As my family can attest, I love me a good moose. What other animal has so much comedic potential? I knew immediately that this picture simply had to be shared.
I quickly flipped through my mental Rolodex and settled on a friend from home whom I hadn’t talked to in about six weeks, thinking, if anyone will appreciate a moose pic, it’s this guy. Also, it’s nice way of saying, “I remember that you exist.”
But when I went to post the moose on the Facebook wall of said friend, I found that I had been unfriended. That’s odd. Probably a Facebook error.
In jest, I texted my friend saying, “So what was it that ultimately prompted you to unfriend me on Facebook?”
You can imagine my slack-jawed reaction when, about 45 minutes later, my friend responded saying, “I was in a crap mood yesterday and read a post on your mom’s website that just really upset me.”
ALERT! ALERT! THIS IS NOT A DRILL. A friend of four years elected to delete me due to the political views expressed on this website.

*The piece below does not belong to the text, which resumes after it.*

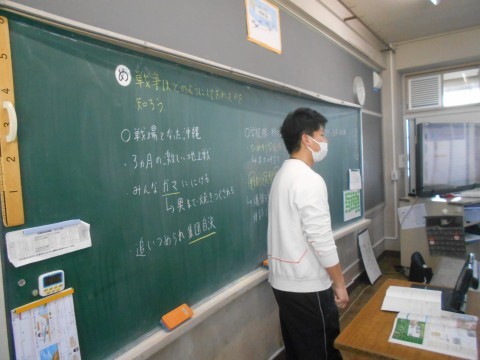 社会の時間です。「ポツダム宣言」のお話。大戦の歴史を学んでいました。
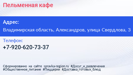 Пельменная, кафе по адресу Владимирская область, Александров, улица Свердлова, 3 в дальнейшем Организация, размещена в следующих категориях:

Congratulations ladies, you must be doing your jobs if you’re pissing off liberals to such a degree.
True confession: I responded in an equally emotional, rash and defensive manner. Something along the lines of “if that is the maturity level on which you operate, then perhaps it’s best if we just stay unfriended.”
Boy was I mad. Justifiably, yes?
I make no apologies for my mom’s political opinions, or the political opinions of anyone for that matter. And this friend knew all about my crazy, conservative family from the time we became friends. It had never been a reason not to enjoy each other’s company or appreciate cool things about one another. It still isn’t.
I believe that to be true and genuine friends, you get to know the good and the bad about a person – the things you admire and the ones you don’t agree with – be that political, religious, or whatever. Then you accept that everybody’s different and your friends don’t all have to meet some ideological litmus test.
Good friends rise above those things. Example: my best friend at college is a liberal from Bethesda. We do not and will never agree on everything. Couldn’t matter less, though, because this is the girl who invites me to hang with her and her dad over parents’ weekend when mine can’t make it, cuddles me after a breakup, and brings the trail mix when I am stuck at work.
Politics over trail mix? Never.
Unfortunately, I think we all know people who would chuck us overboard because of our politics. As a culture we really need to ask ourselves, At what point do we put aside our politics and just love the people we are given in life?
Timing and irony were on my side today, as earlier tonight I listened to a talk given by Erskine Bowles and Alan Simpson, late of the president’s blue ribbon panel on the national debt. Longtime friends, Bowles and Simpson agree on next to nothing, but they are working to promote constructive compromise on the issue that will, in my opinion, fundamentally define America until it is fixed. Not only is their friendship not hurt by their differing points of view, but it’s ultimately helping them to address a serious problem.
Another of my favorite examples: Supreme Court Justices Antonin Scalia and Ruth Bader Ginsburg – BESTIES. He’s conservative, she’s liberal, he’s Catholic, she’s Jewish, he drinks, she’s a teetotaler, he’s loud and sarcastic, she’s gracious and witty. People, THEY DISAGREE ABOUT HOW TO INTERPRET THE CONSTITUTION OF THE UNITED STATES OF AMERICA yet they still cohost an annual New Year’s Eve gala.
Obviously, there are countless examples of people who rise above political persuasion in the name of personal relationships. But it seems more and more, there are “unfriends.”
It’s a bumper-sticker cliché, but it must be said again: God doesn’t care if you’re a liberal or a conservative. We’re all people, with inherent value, all precious to the one who created us.
You shouldn’t have to compromise or hide your opinions for the sake of a true friendship. Will you disagree with some of your friends? Most assuredly. Are you respectful? Always. Can you make some topics off limits? You damn well better.
But can you make it work? I’d argue that not only can you, but that you must. Let’s all remember: There are moose pictures that must be shared and enjoyed.